Atlas lets you explore your Apple Health data.


PyPI Tests Changelog License

Installation

Install Atlas using pip:

pip install atlas-db

Upgrade Atlas using pip:

pip install atlas-db --upgrade

Uninstall Expanse (old name) using pipx:

pipx uninstall expanse

Explore

Note

Here is a Quarto notebook with example code and SQL queries.

The notebook uses Vega-Altair and Clickhouse (chDB) to explore Apple Health time series data in a .parquet file. The .parquet file was generated by Atlas from an Apple Health export.xml file. vega-altair charts

First we create the .parquet file from the export.xml file.

atlas parquet export.xml -o ah.parquet

We can explore the data in many ways.

It is just a table/dataframe/parquet file with 5 columns.
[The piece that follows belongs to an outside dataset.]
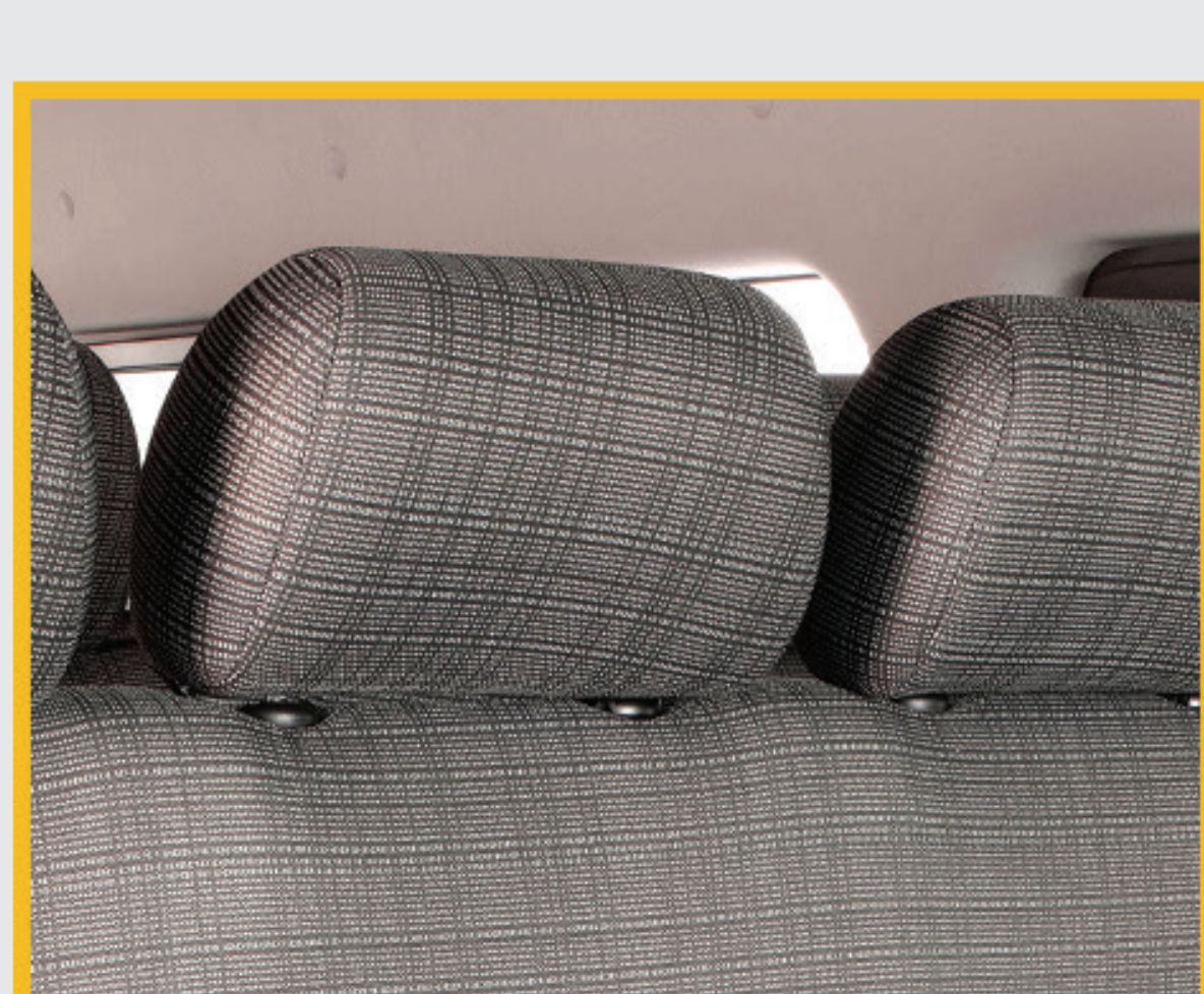
Asientos con apoya cabeza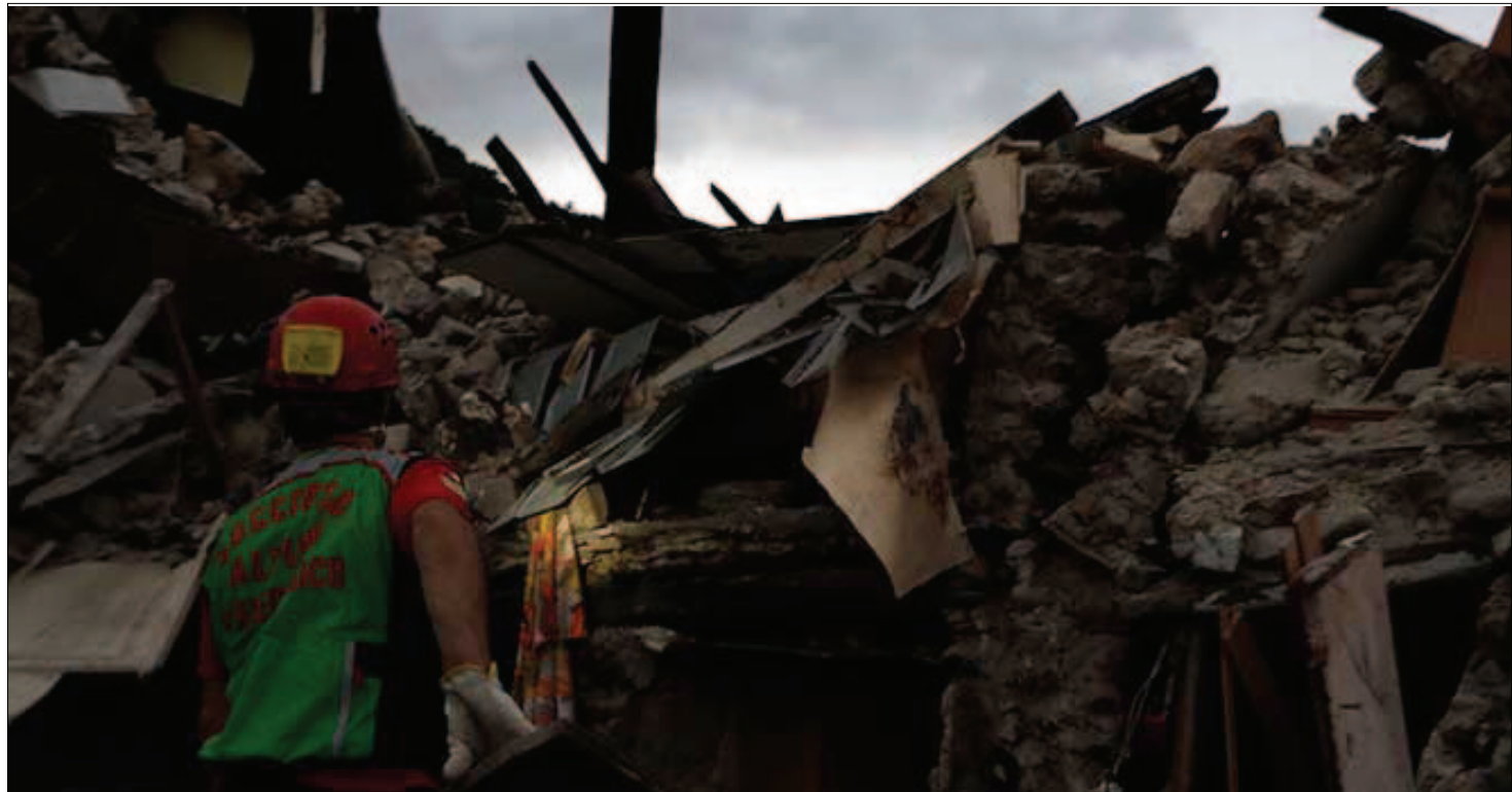
ROMA.- Se espera que la cifra de fallecidos siga creciendo debido a las decenas de desaparecidos.

fue completamente destruida. Otras 59 personas perdieron la vida en las localidades de la provincia de Ascoli, sobre todo en los pueblos de Arquata de Tronto y Pescara de Tronto.

But here we'll use clickhouse local:

clickhouse local

Let's take a look at the table.

DESCRIBE TABLE `ah.parquet`
┌─name────┬─type────────────────────┬─default_type─┬─default_expression─┬─comment─┬─codec_expression─┬─ttl_expression─┐
│ type    │ Nullable(String)        │              │                    │         │                  │                │
│ start   │ Nullable(DateTime64(6)) │              │                    │         │                  │                │
│ end     │ Nullable(DateTime64(6)) │              │                    │         │                  │                │
│ created │ Nullable(DateTime64(6)) │              │                    │         │                  │                │
│ value   │ Nullable(String)        │              │                    │         │                  │                │
└─────────┴─────────────────────────┴──────────────┴────────────────────┴─────────┴──────────────────┴────────────────┘

What kind of "types" do we have and how many?

SELECT
    type,
    COUNT(*) AS count
FROM `ah.parquet`
GROUP BY type
ORDER BY count DESC
┌─type───────────────────────────┬──count─┐
│ ActiveEnergyBurned             │ 879902 │
│ HeartRate                      │ 451854 │
│ BasalEnergyBurned              │ 289031 │
│ DistanceWalkingRunning         │ 260500 │
│ StepCount                      │ 217384 │
│ PhysicalEffort                 │  69747 │
│ AppleExerciseTime              │  61363 │
│ AppleStandTime                 │  58309 │
│ EnvironmentalAudioExposure     │  44535 │
│ SleepAnalysis                  │  36599 │
│ WalkingStepLength              │  28281 │
│ WalkingSpeed                   │  28281 │
│ RespiratoryRate                │  27829 │
│ AppleStandHour                 │  25877 │
│ FlightsClimbed                 │  22690 │
│ WalkingDoubleSupportPercentage │  21900 │
│ WalkingAsymmetryPercentage     │  13820 │
│ HeartRateVariabilitySDNN       │  11961 │
│ OxygenSaturation               │   4912 │
│ StairDescentSpeed              │   4718 │
│ StairAscentSpeed               │   4249 │
│ DistanceCycling                │   2890 │
│ TimeInDaylight                 │   2403 │
│ HeadphoneAudioExposure         │   2323 │
│ RestingHeartRate               │   1399 │
│ WalkingHeartRateAverage        │   1176 │
│ DistanceSwimming               │    455 │
│ SwimmingStrokeCount            │    455 │
│ AppleSleepingWristTemperature  │    442 │
│ RunningSpeed                   │    391 │
│ VO2Max                         │    366 │
│ RunningPower                   │    173 │
│ DietaryCaffeine                │    171 │
│ AppleWalkingSteadiness         │    138 │
│ SixMinuteWalkTestDistance      │    122 │
│ HeartRateRecoveryOneMinute     │     76 │
│ RunningVerticalOscillation     │     74 │
│ RunningGroundContactTime       │     67 │
│ RunningStrideLength            │     54 │
│ MindfulSession                 │     34 │
│ HighHeartRateEvent             │     18 │
│ AudioExposureEvent             │     14 │
│ BodyMass                       │     14 │
│ Height                         │      5 │
│ Fatigue                        │      1 │
│ HKDataTypeSleepDurationGoal    │      1 │
└────────────────────────────────┴────────┘

What's our total step count?

Note

The value column is type Nullable(String) so we have to cast toFloat64 to sum up the step values.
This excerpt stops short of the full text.